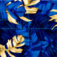 Blue and Gold Exotic Tropical Forest Pattern Fabric
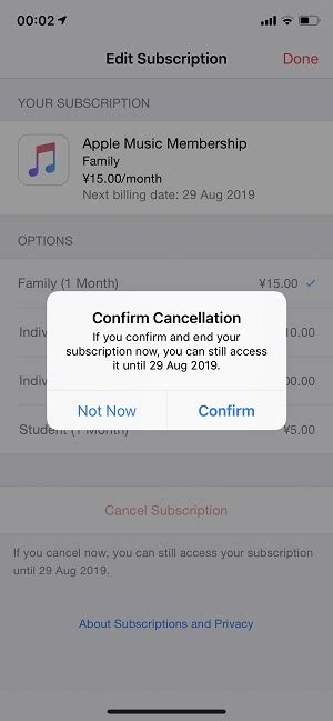 5. Cancel Subscription: At the bottom of the Apple Music subscription details, you’ll see a button that says “Cancel Subscription.” Tap on that.
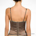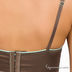 Корсет на косточках из атласного материала. Чашечки с эффектом push-up на гелевом уплотнителе. Вертикальные швы. Регулируемые бретельки. Застегивается сзади на крючки. Украшен серебристым кантом, контрастной прострочкой и бантиком спереди.
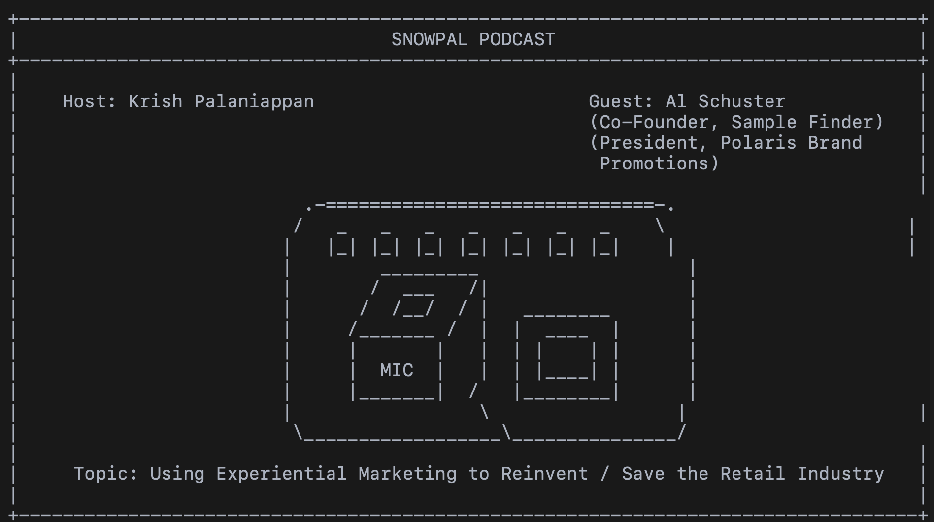 In a recent episode of the Snowpal Podcast, Krish sat down with Al Schuster, Co-Founder of Sample Finder and President of Polaris Brand Promotions, to discuss a timely and pressing topic: using experiential marketing to save the retail industry . Krish, a product leader and technology entrepreneur, guided the conversation through retail disruption, digital transformation, and the future of in-store engagement. Al brought firsthand industry insight from nearly a decade of building experiential brand activations across brick-and-mortar environments. Together, they explored how technology and human-centered experiences can coexist to reshape the future of retail.

### ASSIGNMENT
Word for word, write out the full listing, leaving the pictures aside.

### YOUR SOLUTION
 Blue and Gold Exotic Tropical Forest Pattern Fabric
 5. Cancel Subscription: At the bottom of the Apple Music subscription details, you’ll see a button that says “Cancel Subscription.” Tap on that.
 Корсет на косточках из атласного материала. Чашечки с эффектом push-up на гелевом уплотнителе. Вертикальные швы. Регулируемые бретельки. Застегивается сзади на крючки. Украшен серебристым кантом, контрастной прострочкой и бантиком спереди.
 In a recent episode of the Snowpal Podcast, Krish sat down with Al Schuster, Co-Founder of Sample Finder and President of Polaris Brand Promotions, to discuss a timely and pressing topic: using experiential marketing to save the retail industry . Krish, a product leader and technology entrepreneur, guided the conversation through retail disruption, digital transformation, and the future of in-store engagement. Al brought firsthand industry insight from nearly a decade of building experiential brand activations across brick-and-mortar environments. Together, they explored how technology and human-centered experiences can coexist to reshape the future of retail.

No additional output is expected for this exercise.